Winner of the 2018 Frontier Poetry Chapbook Contest, How Often I Have Chosen Love contains such range within its 28 pages. These poems explore the intricacies of growing up, the heaviness of home and history, and a deep longing for understanding. These poems pulse in such a way that cannot help but grasp you. The multifaceted speakers, seemingly stuck between the reality of their adulthood and the nostalgia of their childhood, feel as if they are clasping your face and speaking right to your soul. 
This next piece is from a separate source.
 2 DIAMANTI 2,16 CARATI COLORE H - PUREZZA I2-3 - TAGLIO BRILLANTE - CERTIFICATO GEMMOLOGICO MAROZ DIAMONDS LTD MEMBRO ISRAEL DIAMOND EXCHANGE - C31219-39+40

“easier if we cried” encapsulates How Often I Have Chosen Love’s sense of teetering on the edge of transition. It’s recollection of a conversation between two women imagines an internal monologue of a speaker hearing about a friend being sexually assaulted. The title of the poem itself captures a powerful message: we imagine that grieving our trauma would be so much easier if we could simply grieve correctly. The poem portrays an all-too-familiar denial and the feeling it meets: the longing we have to heal each other, “fruit broken with bruised, full bites.”

One of the most masterful aspects of Shan’s poetry is the complexity of the women throughout How Often I Have Chosen Love. In “the girls of harbin”, Shan constructs a lush ode to the balance of softness and strength in the women the speaker perceives: 

“it is because the winter-earth has been thawed by blood, here,

that they say you will never hurt a girl from harbin. that she wears honey

on her breath but doesn’t talk sweet. that she’ll break a window

before she opens a door. that she eats ice cream in the dead of december,

licking a black sesame drip from a bare wrist. girls in harbin know to never

complain about the cold. they press it to their chests as a bouquet

of bluebells. or a blade under the sleeve.”
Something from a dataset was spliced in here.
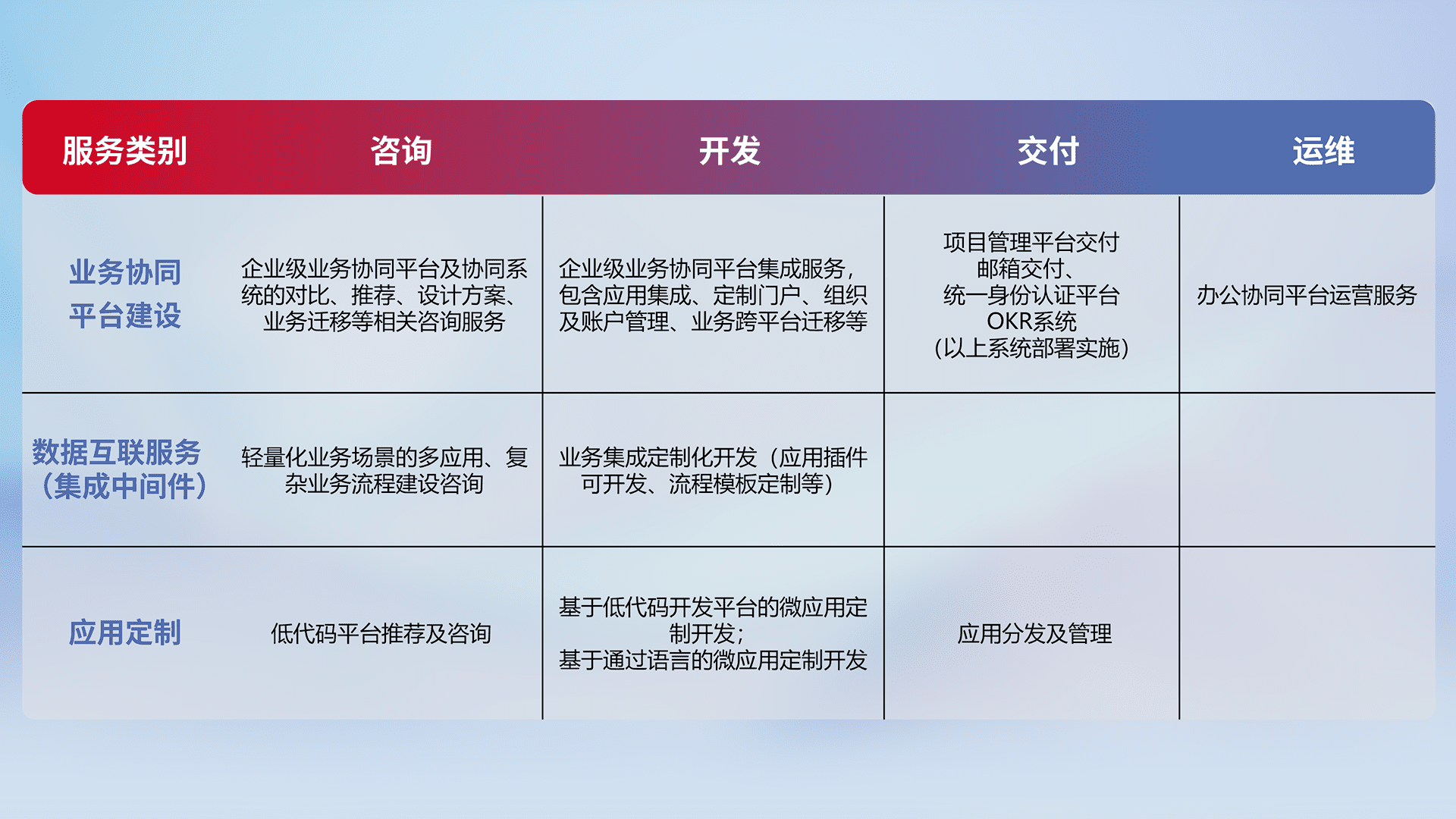 针对钉钉、、、、企微、、IDaas等平台级产品提供产品的规划、、方案、、、交付、、、定制化开发等服务,,,实现如统一协同办公、、、、智能客户服务、、、、混合会议管理、、、智能数据查询、、、等业务场景,,实现数字化转型。。。。

The dissonance of choosing a window over a door, of eating ice cream in December, of going against what everybody might expect these women to do is powerful. This poem portrays women who understand people’s perceptions and expectations, which is exactly why they are so skilled at subverting them. “the worth of a woman’s life in china” explains those exact expectations, detailing all of the ways in which women are used and drained, demeaned by “every man who has spit into her water.” Shan’s natural metaphors connect the experiences in this collection to a deep relationship with the physical world, grounding these stories into the earth.

A personal favorite of mine from this collection, “ornithomancy” is a stunning juxtaposition of nature and urban destruction that breathes new life into the beloved bird poem. “ornithomancy” is an Ancient Greek practice of reading omens from the actions and patterns of birds. Though the title establishes birds as a vital image in the poem, there are no mentions of birds in until the second stanza. Rather, the reader is given a city in “gauze” and “bandages” left with nothing but “camphor” (which is used for healing) and “paper houses”. 

The first bird mentioned at the beginning of the second stanza is a wooden bird, “a carved sparrow trying to fly from / the pear-wood frame before its contractual, imminent / expropriation”. In the last three lines, the speaker observes the “shattering” of a sparrow’s wings “amidst chipped sprays of chrysanthemum / toothless eaves, pale tiles scattered like petals”. By using the word “shattering” with objects like eaves and tiles, contrasting with the natural element of flowers, it becomes hard to discern what is real and what is artificial. Is this itself an omen?

Throughout How Often I Have Chosen Love, every poem upholds the feat of choosing love in spite of all the reasons not to — danger, hurt, harm, loneliness, grief. Shan’s writing proves that tenderness does not equate to a weakness, but to a willingness, an openness to the kaleidoscopic nuance of the world around you.